* What you need to do:
Below are records with pictures. Transcribe exactly, and only, the lines from the line with "these metrics. Create" to the line with "經(jīng)過整治的茅洲河水質(zhì)清澈、兩岸水清岸綠。", both ends included, but not the pictures.

* Given data:
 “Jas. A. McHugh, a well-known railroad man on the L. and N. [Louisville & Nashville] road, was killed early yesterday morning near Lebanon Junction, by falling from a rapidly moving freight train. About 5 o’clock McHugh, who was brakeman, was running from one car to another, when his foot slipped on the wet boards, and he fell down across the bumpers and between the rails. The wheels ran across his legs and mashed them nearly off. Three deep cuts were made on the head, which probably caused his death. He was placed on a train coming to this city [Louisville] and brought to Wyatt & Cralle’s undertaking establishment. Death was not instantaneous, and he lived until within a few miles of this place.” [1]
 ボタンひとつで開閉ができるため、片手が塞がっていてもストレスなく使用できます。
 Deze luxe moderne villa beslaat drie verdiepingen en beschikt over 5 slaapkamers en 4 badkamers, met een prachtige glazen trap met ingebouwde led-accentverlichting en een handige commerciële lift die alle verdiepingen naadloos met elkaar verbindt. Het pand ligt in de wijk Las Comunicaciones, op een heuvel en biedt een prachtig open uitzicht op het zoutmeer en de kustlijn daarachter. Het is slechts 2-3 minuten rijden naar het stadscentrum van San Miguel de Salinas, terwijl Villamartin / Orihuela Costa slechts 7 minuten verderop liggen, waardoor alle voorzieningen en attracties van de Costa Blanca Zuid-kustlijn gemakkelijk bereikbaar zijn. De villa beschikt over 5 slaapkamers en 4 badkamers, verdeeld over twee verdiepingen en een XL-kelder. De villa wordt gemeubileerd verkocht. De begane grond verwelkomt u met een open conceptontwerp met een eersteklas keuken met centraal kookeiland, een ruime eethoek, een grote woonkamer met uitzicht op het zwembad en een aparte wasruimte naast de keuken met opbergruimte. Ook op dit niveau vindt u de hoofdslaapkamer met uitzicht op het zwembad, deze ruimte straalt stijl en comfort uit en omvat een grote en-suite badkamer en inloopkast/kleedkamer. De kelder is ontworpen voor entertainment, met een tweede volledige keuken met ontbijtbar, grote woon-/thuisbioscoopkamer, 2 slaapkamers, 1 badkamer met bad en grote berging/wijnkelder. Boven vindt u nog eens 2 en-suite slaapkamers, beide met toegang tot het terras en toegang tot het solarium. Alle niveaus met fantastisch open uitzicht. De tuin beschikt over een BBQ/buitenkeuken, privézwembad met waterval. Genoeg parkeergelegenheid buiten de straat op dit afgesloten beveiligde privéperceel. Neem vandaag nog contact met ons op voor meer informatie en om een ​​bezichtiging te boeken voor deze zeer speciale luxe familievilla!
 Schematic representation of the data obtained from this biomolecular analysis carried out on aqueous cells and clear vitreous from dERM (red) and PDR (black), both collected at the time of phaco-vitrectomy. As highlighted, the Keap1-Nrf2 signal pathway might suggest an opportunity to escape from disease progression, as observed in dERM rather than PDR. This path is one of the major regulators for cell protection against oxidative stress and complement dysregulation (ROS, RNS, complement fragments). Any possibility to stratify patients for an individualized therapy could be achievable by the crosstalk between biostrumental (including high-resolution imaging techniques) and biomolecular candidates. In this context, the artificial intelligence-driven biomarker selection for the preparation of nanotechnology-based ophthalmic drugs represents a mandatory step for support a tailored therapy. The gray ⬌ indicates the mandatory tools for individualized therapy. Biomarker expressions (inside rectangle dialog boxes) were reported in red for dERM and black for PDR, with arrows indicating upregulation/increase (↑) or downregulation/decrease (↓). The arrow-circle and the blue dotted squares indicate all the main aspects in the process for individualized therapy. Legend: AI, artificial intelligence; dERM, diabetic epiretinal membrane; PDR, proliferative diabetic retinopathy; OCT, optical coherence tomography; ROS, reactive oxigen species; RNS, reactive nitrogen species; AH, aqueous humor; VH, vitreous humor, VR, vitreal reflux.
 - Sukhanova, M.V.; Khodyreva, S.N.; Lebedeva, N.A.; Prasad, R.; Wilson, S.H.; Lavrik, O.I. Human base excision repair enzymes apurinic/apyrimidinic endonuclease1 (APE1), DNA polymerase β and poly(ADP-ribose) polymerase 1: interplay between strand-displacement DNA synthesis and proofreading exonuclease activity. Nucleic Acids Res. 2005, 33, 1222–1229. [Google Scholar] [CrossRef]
...
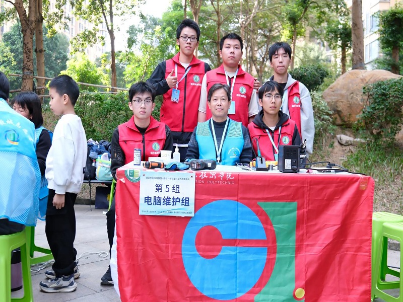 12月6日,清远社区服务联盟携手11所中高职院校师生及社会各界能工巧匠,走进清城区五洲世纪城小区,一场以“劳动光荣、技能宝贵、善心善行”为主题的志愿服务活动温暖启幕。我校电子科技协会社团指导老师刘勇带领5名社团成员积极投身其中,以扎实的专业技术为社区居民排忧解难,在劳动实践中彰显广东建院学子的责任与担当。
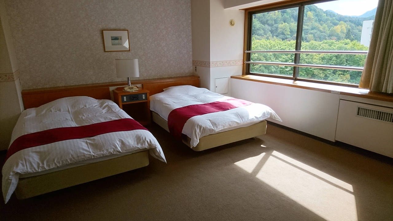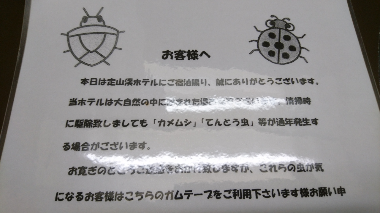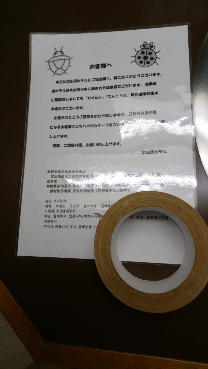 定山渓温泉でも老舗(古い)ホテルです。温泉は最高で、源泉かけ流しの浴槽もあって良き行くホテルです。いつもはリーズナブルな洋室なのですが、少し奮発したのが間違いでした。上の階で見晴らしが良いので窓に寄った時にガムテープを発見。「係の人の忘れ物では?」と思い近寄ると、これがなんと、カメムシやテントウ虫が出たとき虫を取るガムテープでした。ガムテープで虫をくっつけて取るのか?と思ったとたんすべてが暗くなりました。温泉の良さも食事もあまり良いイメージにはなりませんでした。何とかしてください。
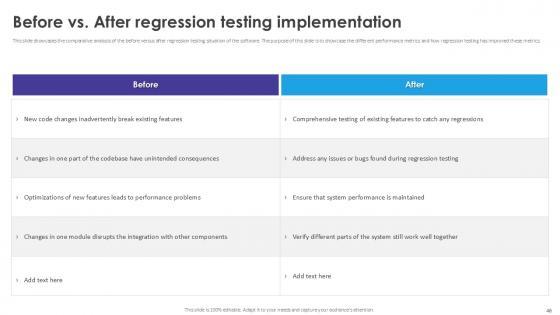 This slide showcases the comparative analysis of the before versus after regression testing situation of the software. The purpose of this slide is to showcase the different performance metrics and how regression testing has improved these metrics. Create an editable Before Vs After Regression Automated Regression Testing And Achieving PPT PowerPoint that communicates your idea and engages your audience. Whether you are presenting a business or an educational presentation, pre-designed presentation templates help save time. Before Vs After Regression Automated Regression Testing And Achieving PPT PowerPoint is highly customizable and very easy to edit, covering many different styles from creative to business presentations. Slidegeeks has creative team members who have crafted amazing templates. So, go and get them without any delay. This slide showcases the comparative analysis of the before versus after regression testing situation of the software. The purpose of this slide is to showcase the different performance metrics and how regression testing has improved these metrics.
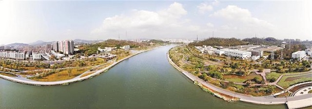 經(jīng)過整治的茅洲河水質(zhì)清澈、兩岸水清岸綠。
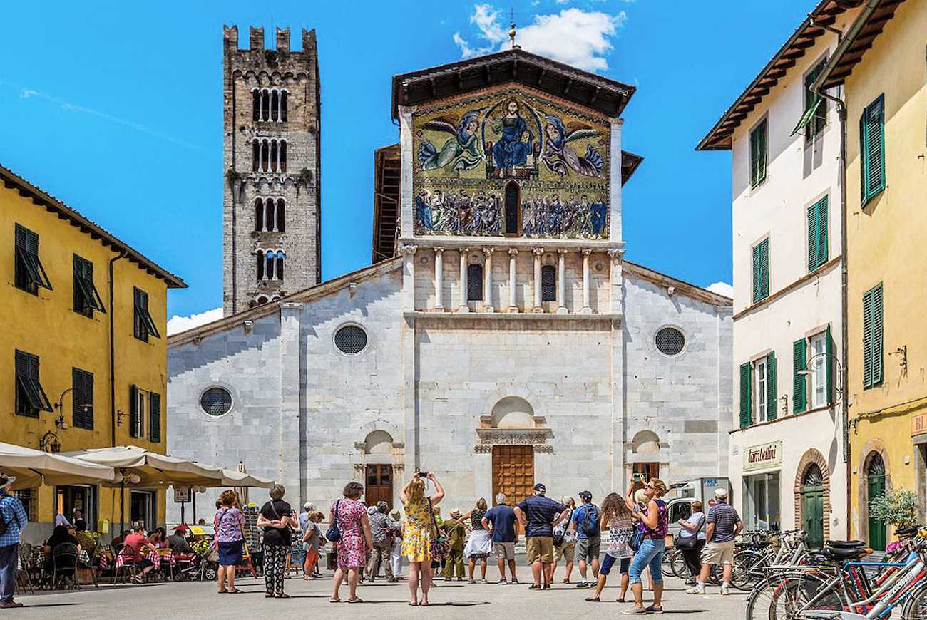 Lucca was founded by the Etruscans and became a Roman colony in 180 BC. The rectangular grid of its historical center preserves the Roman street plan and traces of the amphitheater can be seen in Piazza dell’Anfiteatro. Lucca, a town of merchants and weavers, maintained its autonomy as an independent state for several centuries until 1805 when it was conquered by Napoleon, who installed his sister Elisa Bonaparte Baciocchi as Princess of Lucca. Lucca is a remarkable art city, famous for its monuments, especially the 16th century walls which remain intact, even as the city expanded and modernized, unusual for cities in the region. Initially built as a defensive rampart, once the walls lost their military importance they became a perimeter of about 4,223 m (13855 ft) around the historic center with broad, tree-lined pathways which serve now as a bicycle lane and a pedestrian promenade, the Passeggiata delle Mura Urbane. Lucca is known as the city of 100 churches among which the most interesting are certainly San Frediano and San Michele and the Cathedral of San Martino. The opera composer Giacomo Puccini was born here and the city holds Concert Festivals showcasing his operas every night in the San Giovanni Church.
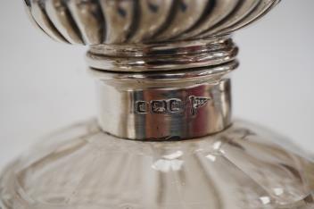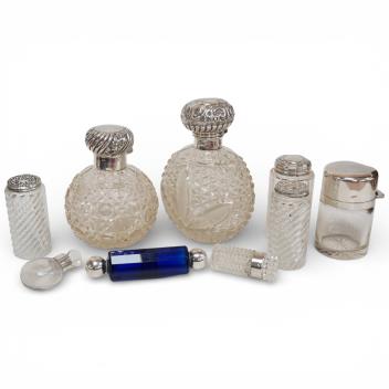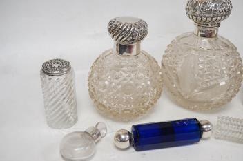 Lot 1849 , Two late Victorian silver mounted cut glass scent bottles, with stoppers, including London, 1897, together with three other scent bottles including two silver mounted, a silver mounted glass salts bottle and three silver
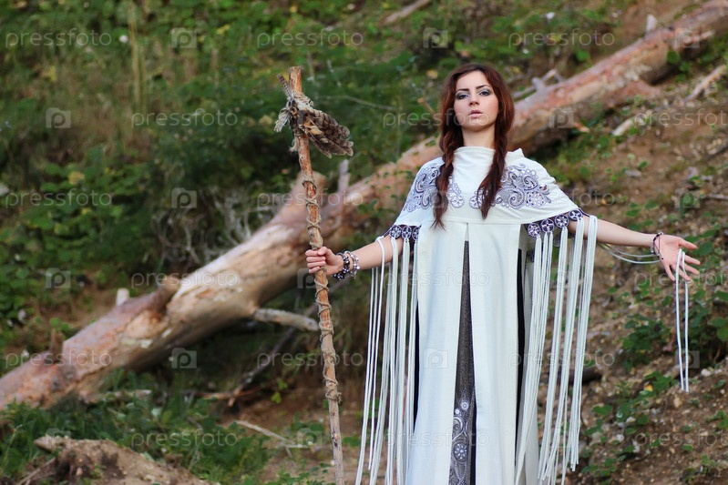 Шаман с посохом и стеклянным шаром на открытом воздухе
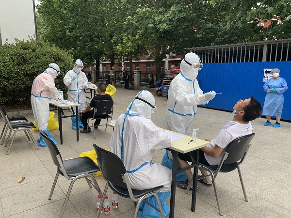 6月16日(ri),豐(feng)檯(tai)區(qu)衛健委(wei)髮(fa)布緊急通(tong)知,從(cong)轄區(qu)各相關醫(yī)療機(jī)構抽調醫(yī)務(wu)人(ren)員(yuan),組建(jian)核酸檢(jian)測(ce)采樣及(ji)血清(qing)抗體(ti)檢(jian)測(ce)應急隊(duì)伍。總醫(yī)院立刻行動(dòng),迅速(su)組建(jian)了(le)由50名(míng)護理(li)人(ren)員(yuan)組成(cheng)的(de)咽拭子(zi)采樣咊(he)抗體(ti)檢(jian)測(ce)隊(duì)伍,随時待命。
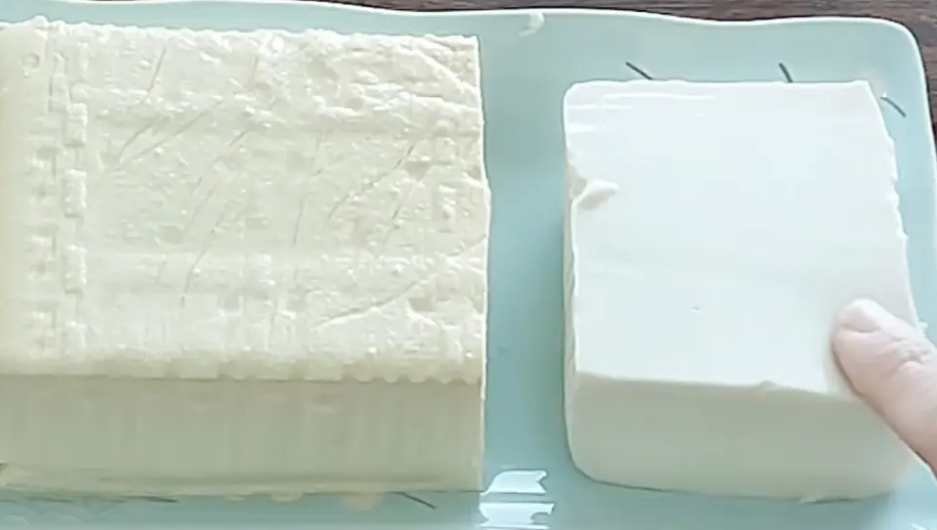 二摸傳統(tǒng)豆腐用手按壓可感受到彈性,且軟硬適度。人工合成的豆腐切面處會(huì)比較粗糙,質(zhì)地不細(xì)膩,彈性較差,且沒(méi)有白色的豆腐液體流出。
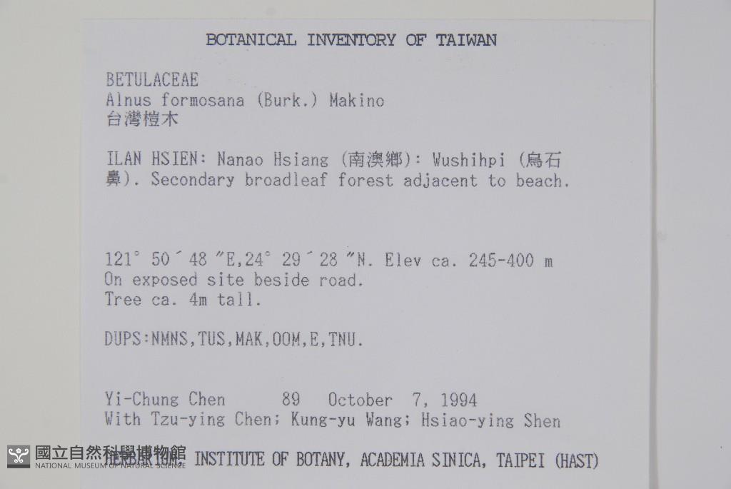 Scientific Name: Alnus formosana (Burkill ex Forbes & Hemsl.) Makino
--
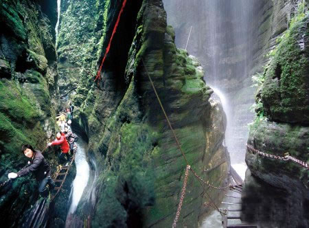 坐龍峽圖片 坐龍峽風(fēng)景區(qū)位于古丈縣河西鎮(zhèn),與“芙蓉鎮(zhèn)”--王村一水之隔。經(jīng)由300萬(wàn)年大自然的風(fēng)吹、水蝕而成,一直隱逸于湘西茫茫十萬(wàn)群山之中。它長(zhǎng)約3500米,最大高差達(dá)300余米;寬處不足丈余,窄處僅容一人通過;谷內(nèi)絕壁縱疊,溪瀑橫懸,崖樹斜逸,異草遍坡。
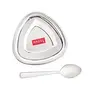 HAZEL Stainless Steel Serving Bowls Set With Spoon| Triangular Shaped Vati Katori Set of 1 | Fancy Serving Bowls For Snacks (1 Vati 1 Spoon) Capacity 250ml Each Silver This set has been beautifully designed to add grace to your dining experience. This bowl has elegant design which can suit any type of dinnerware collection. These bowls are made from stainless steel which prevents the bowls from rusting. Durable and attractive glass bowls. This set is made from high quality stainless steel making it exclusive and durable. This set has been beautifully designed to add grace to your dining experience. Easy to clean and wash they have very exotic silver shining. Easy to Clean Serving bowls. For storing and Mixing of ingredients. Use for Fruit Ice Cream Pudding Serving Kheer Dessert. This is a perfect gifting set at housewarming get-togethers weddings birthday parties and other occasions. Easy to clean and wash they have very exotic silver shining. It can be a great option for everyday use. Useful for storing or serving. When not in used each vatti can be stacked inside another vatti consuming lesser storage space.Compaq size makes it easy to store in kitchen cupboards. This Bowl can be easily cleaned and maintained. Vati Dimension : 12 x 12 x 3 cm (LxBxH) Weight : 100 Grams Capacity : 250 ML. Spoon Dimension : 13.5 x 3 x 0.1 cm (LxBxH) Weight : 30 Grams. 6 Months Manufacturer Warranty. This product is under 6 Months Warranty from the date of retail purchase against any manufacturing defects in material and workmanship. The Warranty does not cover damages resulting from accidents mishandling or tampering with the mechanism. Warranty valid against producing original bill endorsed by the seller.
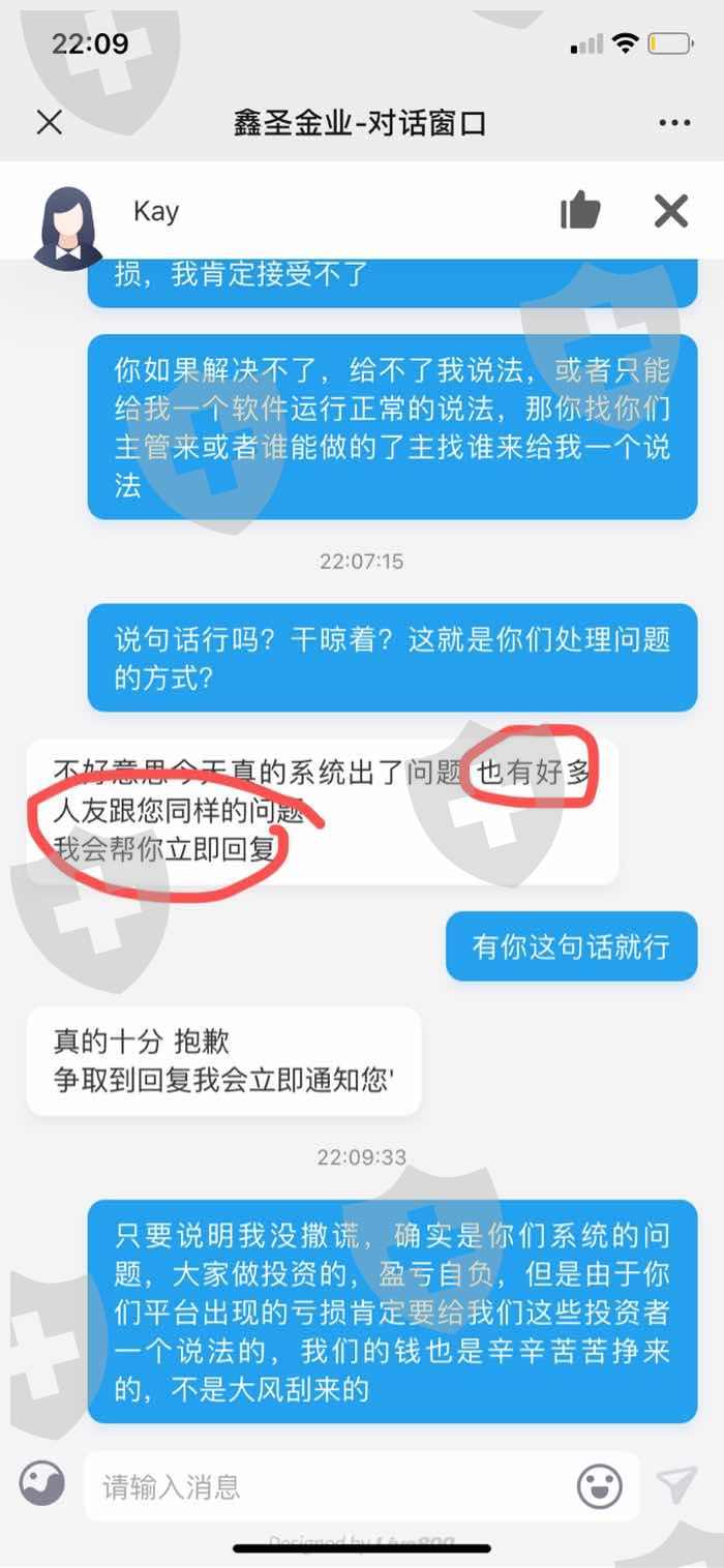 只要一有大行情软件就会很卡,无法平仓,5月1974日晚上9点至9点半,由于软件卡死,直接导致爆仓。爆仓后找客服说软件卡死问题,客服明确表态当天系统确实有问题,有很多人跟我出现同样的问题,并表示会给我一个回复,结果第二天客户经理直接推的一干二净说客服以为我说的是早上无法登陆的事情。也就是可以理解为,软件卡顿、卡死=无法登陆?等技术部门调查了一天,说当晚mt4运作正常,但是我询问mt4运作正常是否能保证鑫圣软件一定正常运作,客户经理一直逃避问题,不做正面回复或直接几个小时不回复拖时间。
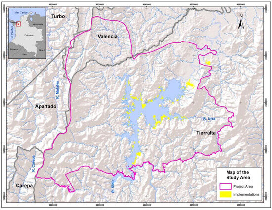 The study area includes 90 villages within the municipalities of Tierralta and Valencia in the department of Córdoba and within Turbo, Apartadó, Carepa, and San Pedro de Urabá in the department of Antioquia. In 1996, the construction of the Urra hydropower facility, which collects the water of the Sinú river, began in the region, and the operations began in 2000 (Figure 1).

* Answer space:
 This slide showcases the comparative analysis of the before versus after regression testing situation of the software. The purpose of this slide is to showcase the different performance metrics and how regression testing has improved these metrics. Create an editable Before Vs After Regression Automated Regression Testing And Achieving PPT PowerPoint that communicates your idea and engages your audience. Whether you are presenting a business or an educational presentation, pre-designed presentation templates help save time. Before Vs After Regression Automated Regression Testing And Achieving PPT PowerPoint is highly customizable and very easy to edit, covering many different styles from creative to business presentations. Slidegeeks has creative team members who have crafted amazing templates. So, go and get them without any delay. This slide showcases the comparative analysis of the before versus after regression testing situation of the software. The purpose of this slide is to showcase the different performance metrics and how regression testing has improved these metrics.
 經(jīng)過整治的茅洲河水質(zhì)清澈、兩岸水清岸綠。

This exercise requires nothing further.